▸ **TRY IT**
Pictures stay out; print the rest of the listing below exactly as it stands.

▸ **RECORDED INFORMATION**

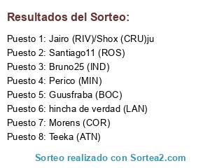 Lista de participantes: Perico (MIN), hincha de verdad (LAN), Santiago11 (ROS), Morens (COR), Bruno25 (IND), Teeka (ATN), Guusfraba (BOC), Jairo (RIV)/Shox (CRU)ju.
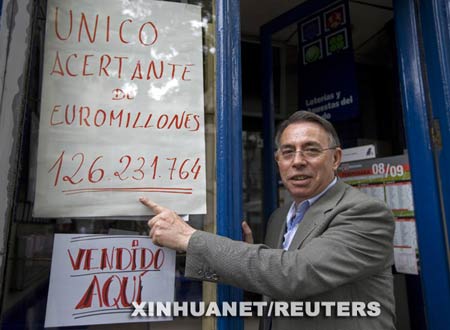 位于西班牙首都馬德里自由女神廣場的“黑貓”彩票銷售店的櫥窗上,貼著一張標(biāo)示,告訴路人“歐洲百萬”頭獎(jiǎng)在這兒售出。
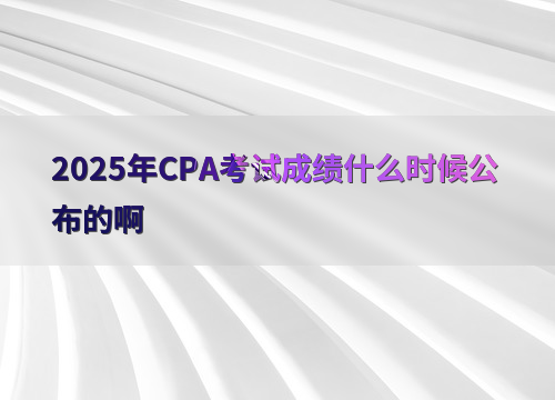 2025年注册会计师考试成绩预计在11月下旬发布,参考近年时间规律,通常在考试结束约3个月后公布。建议考生提前关注官方通知,及时登录系统查询。
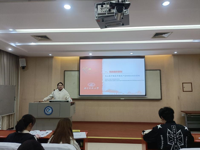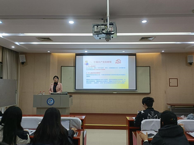 第三讲以“学习领会习近平总书记关于党章的重要论述”为主题,第四讲以“中国共产党的宗旨和纲领”为主题。首先,曹金梅老师从党章的重要地位切入,指出党章是党的总章程,是党的行为规范,更是统一全党思想的根本准则。习近平总书记指出,党章就是党的根本大法,是全党必须遵循的总规矩。之后,曹金梅老师介绍党章的发展建设史。在第四讲,曹金梅老师介绍中国共产党的纲领理论起源,马克思主义为党的纲鲤提供了理论支撑,中国共产党的纲领与时俱进,随国情与时代的发展逐步完善,体现了党的先进性。中国共产党的宗旨是全心全意为人民服务,党的性质和宗旨决定了党除了忠实代表工人阶级和人民群众的根本利益以外,没有其他任何特殊利益,党的宗旨是中华民族仁德思想的重要体现。

▸ **WORKED SOLUTION**
 Lista de participantes: Perico (MIN), hincha de verdad (LAN), Santiago11 (ROS), Morens (COR), Bruno25 (IND), Teeka (ATN), Guusfraba (BOC), Jairo (RIV)/Shox (CRU)ju.
 位于西班牙首都馬德里自由女神廣場的“黑貓”彩票銷售店的櫥窗上,貼著一張標(biāo)示,告訴路人“歐洲百萬”頭獎(jiǎng)在這兒售出。
 2025年注册会计师考试成绩预计在11月下旬发布,参考近年时间规律,通常在考试结束约3个月后公布。建议考生提前关注官方通知,及时登录系统查询。
 第三讲以“学习领会习近平总书记关于党章的重要论述”为主题,第四讲以“中国共产党的宗旨和纲领”为主题。首先,曹金梅老师从党章的重要地位切入,指出党章是党的总章程,是党的行为规范,更是统一全党思想的根本准则。习近平总书记指出,党章就是党的根本大法,是全党必须遵循的总规矩。之后,曹金梅老师介绍党章的发展建设史。在第四讲,曹金梅老师介绍中国共产党的纲领理论起源,马克思主义为党的纲鲤提供了理论支撑,中国共产党的纲领与时俱进,随国情与时代的发展逐步完善,体现了党的先进性。中国共产党的宗旨是全心全意为人民服务,党的性质和宗旨决定了党除了忠实代表工人阶级和人民群众的根本利益以外,没有其他任何特殊利益,党的宗旨是中华民族仁德思想的重要体现。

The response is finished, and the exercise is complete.